Task item: The reply should hold only the lines from the one with "西方人如果看得懂中国人的复式" to the one with "岑鞏縣注溪鎮周坪村雜交水稻制種基地,大型旋耕機下田作業。(吳念 攝)", both ends kept, exactly as they appear below, without any pictures.

Data for analysis:

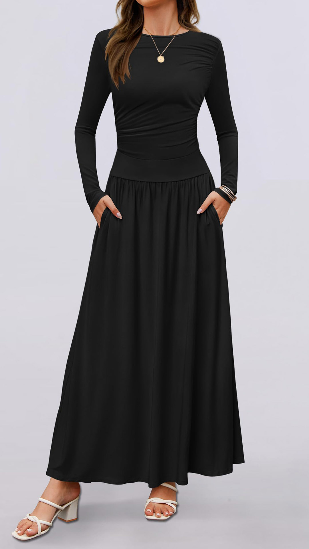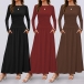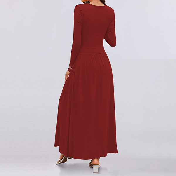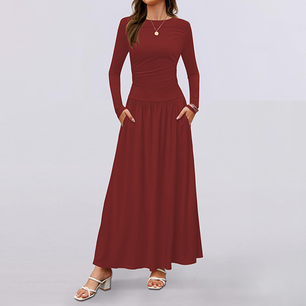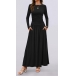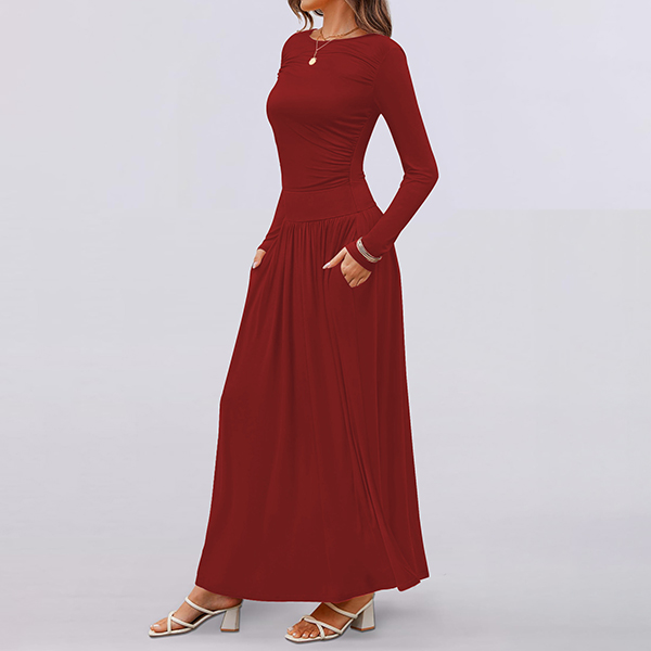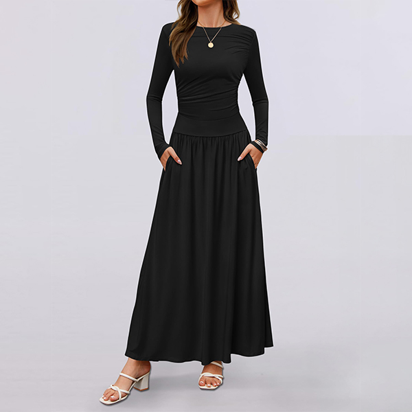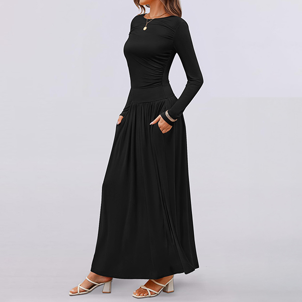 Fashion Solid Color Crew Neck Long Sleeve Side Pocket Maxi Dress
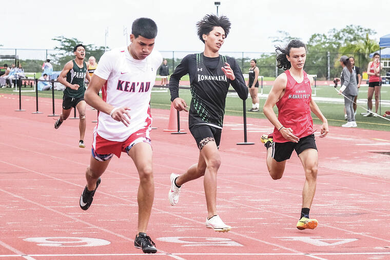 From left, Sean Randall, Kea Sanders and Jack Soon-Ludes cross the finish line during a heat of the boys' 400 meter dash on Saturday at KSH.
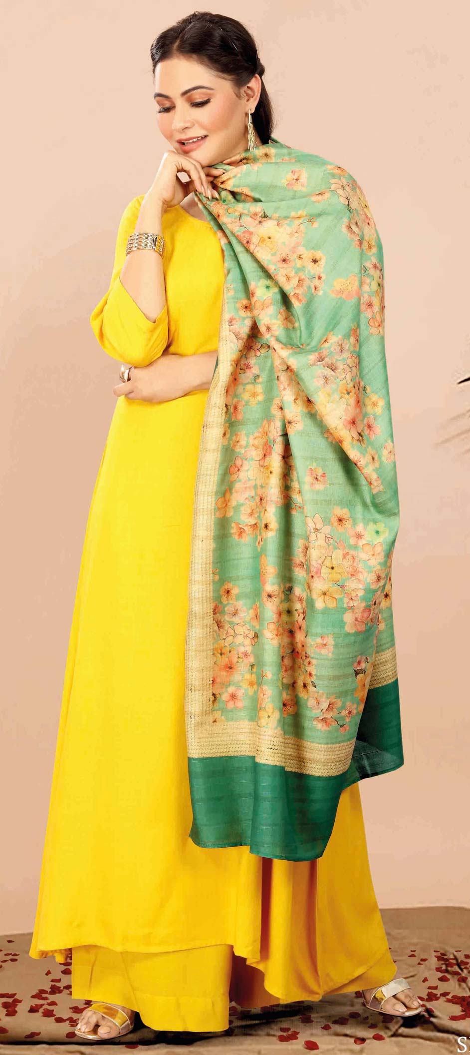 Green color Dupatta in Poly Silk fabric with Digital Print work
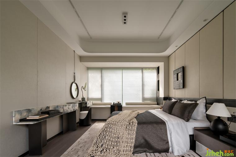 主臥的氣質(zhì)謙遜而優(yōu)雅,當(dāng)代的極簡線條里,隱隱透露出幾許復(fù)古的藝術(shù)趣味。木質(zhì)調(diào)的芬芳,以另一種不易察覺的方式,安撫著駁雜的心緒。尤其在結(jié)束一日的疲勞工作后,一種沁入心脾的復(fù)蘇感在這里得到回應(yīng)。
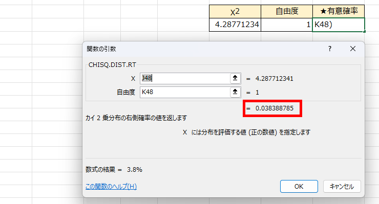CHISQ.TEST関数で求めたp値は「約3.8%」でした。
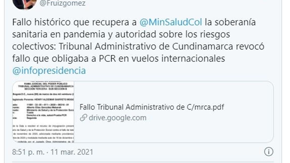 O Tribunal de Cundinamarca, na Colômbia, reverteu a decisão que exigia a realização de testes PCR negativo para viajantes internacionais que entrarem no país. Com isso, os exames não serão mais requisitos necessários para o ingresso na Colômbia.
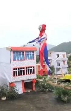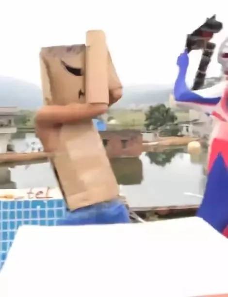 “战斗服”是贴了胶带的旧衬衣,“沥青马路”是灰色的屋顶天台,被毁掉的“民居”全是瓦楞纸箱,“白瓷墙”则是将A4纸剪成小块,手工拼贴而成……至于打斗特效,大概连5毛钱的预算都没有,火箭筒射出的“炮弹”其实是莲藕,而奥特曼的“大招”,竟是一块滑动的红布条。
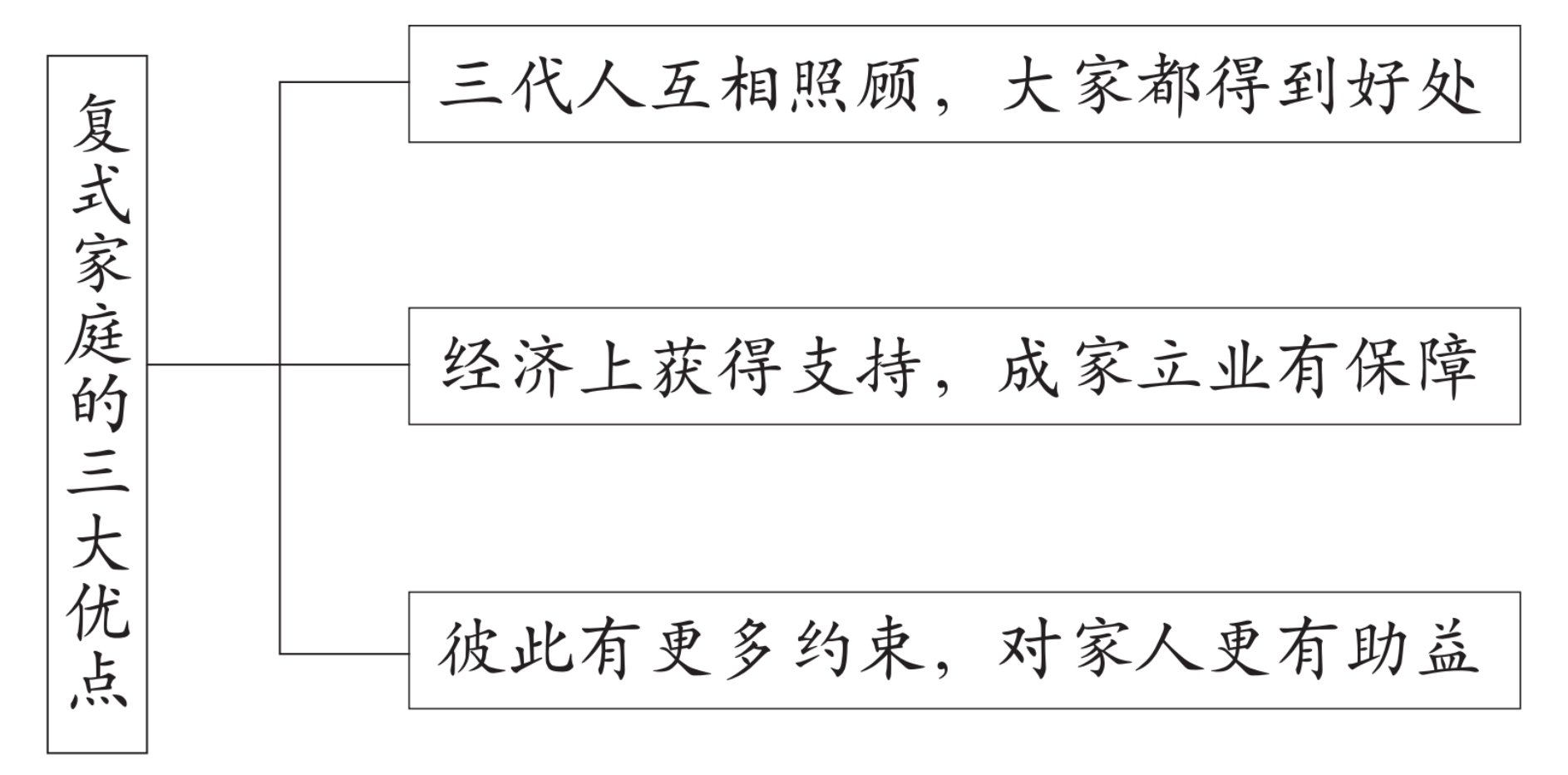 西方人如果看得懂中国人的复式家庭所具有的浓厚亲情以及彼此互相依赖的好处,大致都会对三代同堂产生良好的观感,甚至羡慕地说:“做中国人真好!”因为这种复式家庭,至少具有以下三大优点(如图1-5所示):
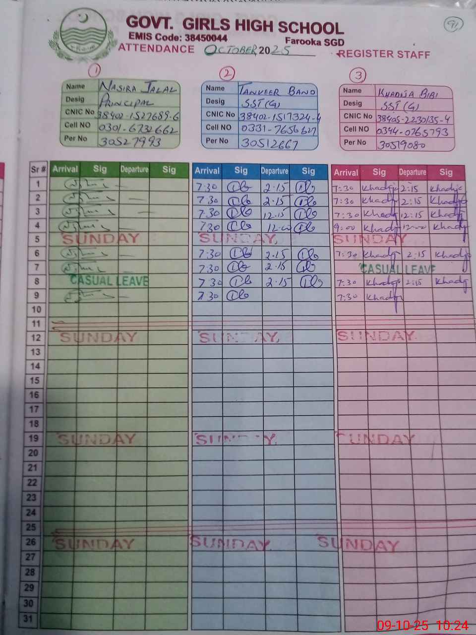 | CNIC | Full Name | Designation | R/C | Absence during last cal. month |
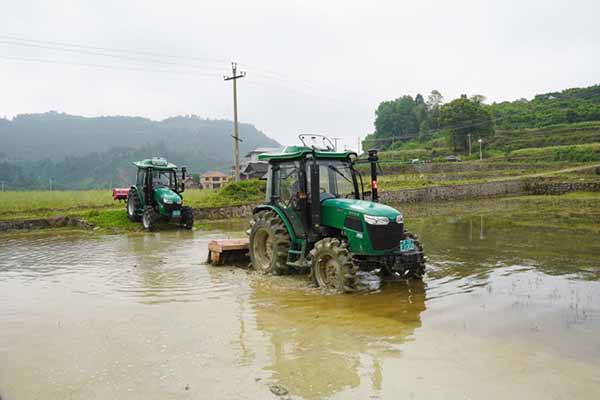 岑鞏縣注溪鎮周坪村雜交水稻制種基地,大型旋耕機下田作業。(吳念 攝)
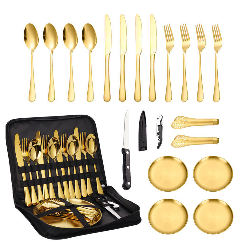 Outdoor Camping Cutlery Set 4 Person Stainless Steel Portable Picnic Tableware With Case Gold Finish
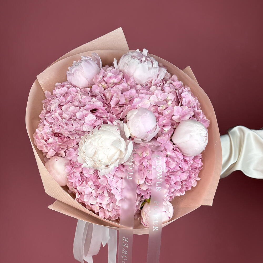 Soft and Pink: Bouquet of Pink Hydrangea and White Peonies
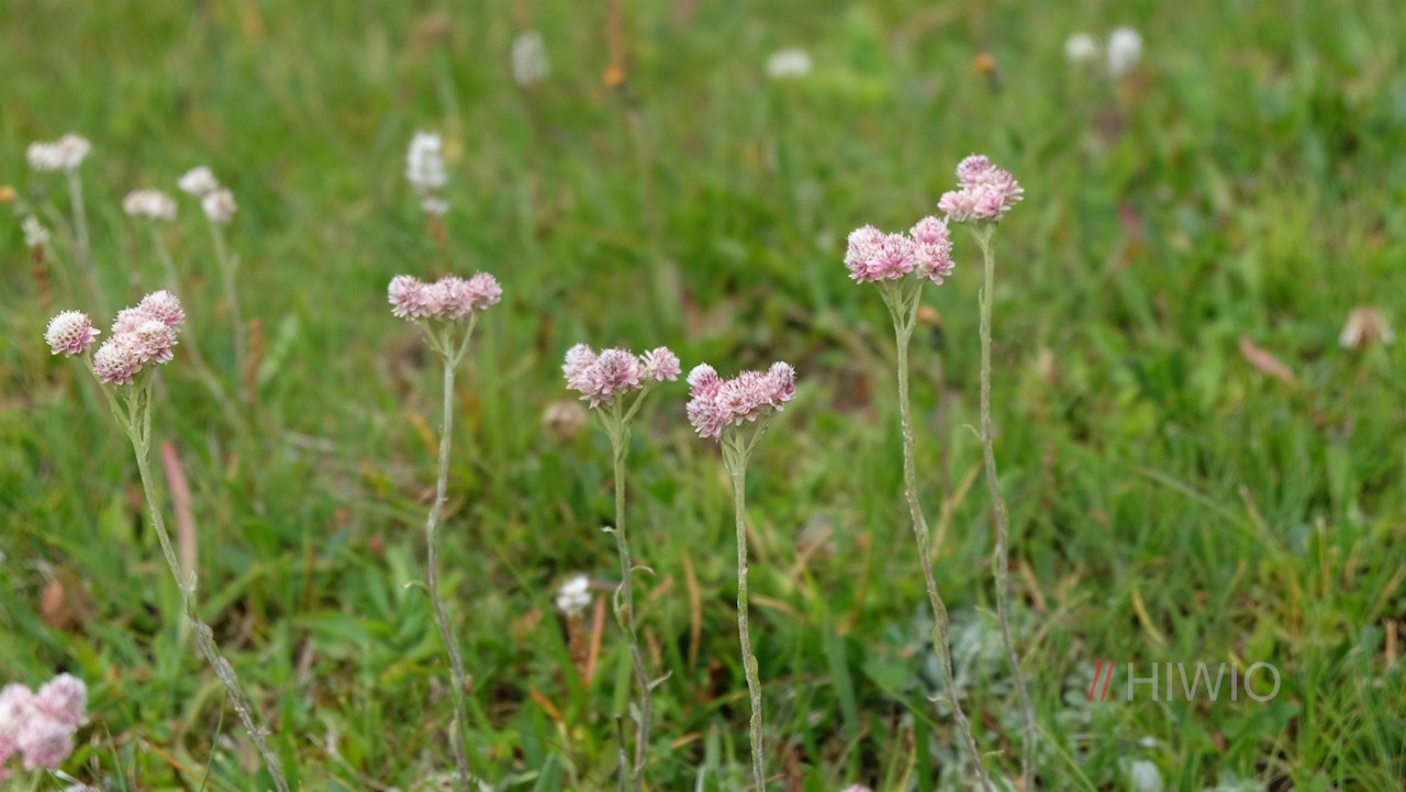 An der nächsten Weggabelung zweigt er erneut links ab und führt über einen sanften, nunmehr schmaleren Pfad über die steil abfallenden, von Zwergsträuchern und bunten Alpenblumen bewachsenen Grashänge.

Answer box:
 西方人如果看得懂中国人的复式家庭所具有的浓厚亲情以及彼此互相依赖的好处,大致都会对三代同堂产生良好的观感,甚至羡慕地说:“做中国人真好!”因为这种复式家庭,至少具有以下三大优点(如图1-5所示):
 | CNIC | Full Name | Designation | R/C | Absence during last cal. month |
 岑鞏縣注溪鎮周坪村雜交水稻制種基地,大型旋耕機下田作業。(吳念 攝)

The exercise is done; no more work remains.